CN116578338A

CN116578338A - Low-delay trigonometric function hardware acceleration algorithm

Info

Publication number: CN116578338A
Application number: CN202211579750.XA
Authority: CN
Inventors: 周柯; 奉斌; 金庆忍; 俞小勇; 王晓明; 卢柏桦
Original assignee: Electric Power Research Institute of Guangxi Power Grid Co Ltd
Current assignee: Electric Power Research Institute of Guangxi Power Grid Co Ltd
Priority date: 2022-12-06
Filing date: 2022-12-06
Publication date: 2023-08-11

Abstract

The invention discloses a low-delay trigonometric function hardware acceleration algorithm, which comprises the following steps: θ using front-end modules ₀ The input angle is converted into a first quadrant; determining the calculated initial value (x ₀ ，y ₀ ，z ₀ ) For sine and cosine calculations, the given initial value is (1/K _n 0, θ); the iteration module is used for obtaining an iteration value (x) by adopting a secondary merging iteration method _N ，y _N ) The method comprises the steps of carrying out a first treatment on the surface of the And obtaining the value of the trigonometric function by using a post-processing module. The invention adopts a method of twice merging iteration during iterative operation, can reduce the hardware consumption of a hardware module, improves the calculation speed, adopts a method of combining table lookup with approximate substitution to calculate the arctangent algorithm during calculating the arctangent angle, improves the calculation speed and reduces the consumption of ROM resources.

Description

Low-delay trigonometric function hardware acceleration algorithm

Technical Field

The invention relates to the technical field of hardware acceleration algorithms, in particular to a low-delay trigonometric function hardware acceleration algorithm.

Background

The novel power distribution network taking new energy as a main body and taking digitization and intellectualization as characteristics needs a large amount of information acquisition and operation analysis so as to ensure safe, stable and reliable power supply of the power grid. The electric energy quality is used as an important standard for measuring the power supply level, and is an important object for collection and analysis in the novel power distribution network. However, the terminal side of the power distribution network has serious defects in power quality acquisition and analysis at present, and huge calculation pressure is brought to the edge side of the power grid. Therefore, it is necessary to provide a power chip with power quality processing capability to relieve edge side calculation pressure and promote grid edge fusion.
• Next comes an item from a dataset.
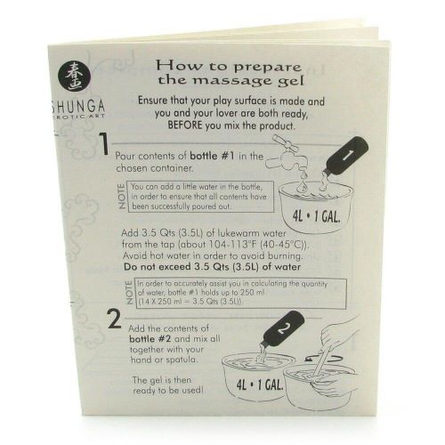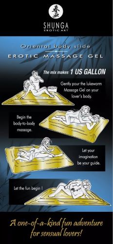 Ρίξτε απαλά το χλιαρό Gel Massage στο σώμα του αγαπημένου σας. Ξεκινήστε το μασάζ σώμα με σώμα. Αφήστε τη φαντασία σας να είναι ο οδηγός σας. Αφήστε τη διασκέδαση να ξεκινήσει! Όλες οι οδηγίες απεικονίζονται στο μπροστινό μέρος της συσκευασίας.

The processing of the electric energy quality involves a large amount of trigonometric function operation, the current power chip mostly adopts a table look-up or Taylor expansion mode to calculate the trigonometric function, the table look-up method needs to occupy a large amount of memory and has limited precision, and the Taylor expansion calculation method has large operation amount, low operation speed, needs to occupy a large amount of CPU resources and has large power consumption. Therefore, there is a need to use a method of calculating trigonometric functions in a chip form to improve the calculation capability of the power chip and reduce the power consumption.

Disclosure of Invention

The low-delay trigonometric function hardware acceleration algorithm solves the problems of low operation speed, high occupied memory and high hardware consumption caused by large operation amount in the existing trigonometric function operation method in the background technology.
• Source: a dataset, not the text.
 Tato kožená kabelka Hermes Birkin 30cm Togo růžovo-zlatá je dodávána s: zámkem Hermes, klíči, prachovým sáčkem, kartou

In order to achieve the above purpose, the present invention provides the following technical solutions: a low-latency trigonometric function hardware acceleration algorithm, comprising the steps of:

s1: θ using front-end modules ₀ The input angle is converted into a first quadrant;

s2: determining the calculated initial value (x ₀ ，y ₀ ，z ₀ ) For sine and cosine calculations, the given initial value is (1/K _n ，0，θ)；

S3: the iteration is obtained by adopting a method of twice merging iteration through an iteration moduleValue (x) _N ，y _N )；

S4: and obtaining the value of the trigonometric function by using a post-processing module.

Preferably, the step S3 includes the steps of:

s301: input iterative calculation initial value (x ₀ ,y ₀ ,z ₀ )；

S302: judging whether the iteration number i reaches the maximum iteration number N, if so, outputting an iteration result, and if not, continuing to execute the steps S303-S307;

s303: calculating tan by combining table look-up and approximate substitution ^-1 2 ^-i ；

S304: according to the following, the iteration directions di, di+1 and the iteration value z of the ith step and the (i+1) th step are calculated _i 、z _i+1 ；

S305: the (i+1) th iteration value x is calculated according to the following formula _i+1 ,y _i+1 ；

S306: updating the iteration times i;

s307: returning to step S302.

Preferably, the pre-module in step S1 performs the following operations: when 0 is less than or equal to theta ₀ Pi/2 or less, and the converted angle theta is theta ₀ The method comprises the steps of carrying out a first treatment on the surface of the When pi/2<θ ₀ Pi is less than or equal to pi, and the converted angle theta is theta ₀ -pi/2; when pi is<θ ₀ Less than or equal to 3 pi/2, and the converted angle theta is theta ₀ -pi; when 3 pi/2<θ ₀ Less than or equal to 2 pi, and the converted angle theta is theta ₀ -3π/2。

Preferably, the operation formula of the iteration module in the step S3 is as follows:

wherein d _i ＝sign(z _i )，d _i Is the iteration direction.

Preferably, the post-processing module in step S4 includes the following algorithm:

preferably, the tan ^-1 2 ^-i The method comprises the following steps:

s01: tan (r) ^-1 2 ^-i Values of (i=1, 2,3 … m) are pre-stored in ROM;

s02: judging the size relation between i and m, executing the step S03 when i is smaller than m, and executing the step S04 when i is larger than or equal to m;

s03: obtaining the value of tan-12-i by looking up a table in ROM;

s04: the tan-12-i has a value of 2-i.

Preferably, the value of m is as follows:

wherein N is the set maximum iteration number.

Preferably, the steps S1 to S4 are implemented by a hardware curing circuit.

Preferably, the maximum iteration number N has a value of 16.

Preferably, the maximum iteration number N has a value of 32.

The beneficial effects of the invention are as follows:

the invention adopts a method of twice merging iteration during iterative operation, can reduce the hardware consumption of a hardware module, improves the calculation speed, adopts a method of combining table lookup with approximate substitution to calculate the arctangent algorithm during calculating the arctangent angle, improves the calculation speed and reduces the consumption of ROM resources.

Drawings

FIG. 1 is a block diagram of a trigonometric function low-delay hardware acceleration algorithm of the present invention;

FIG. 2 is a flow chart of an iterative algorithm module of the present invention.

Detailed Description

The following description of the embodiments of the present invention will be made clearly and fully with reference to the accompanying drawings, in which it is evident that the embodiments described are some, but not all embodiments of the invention. All other embodiments, which can be made by those skilled in the art based on the embodiments of the invention without making any inventive effort, are intended to be within the scope of the invention.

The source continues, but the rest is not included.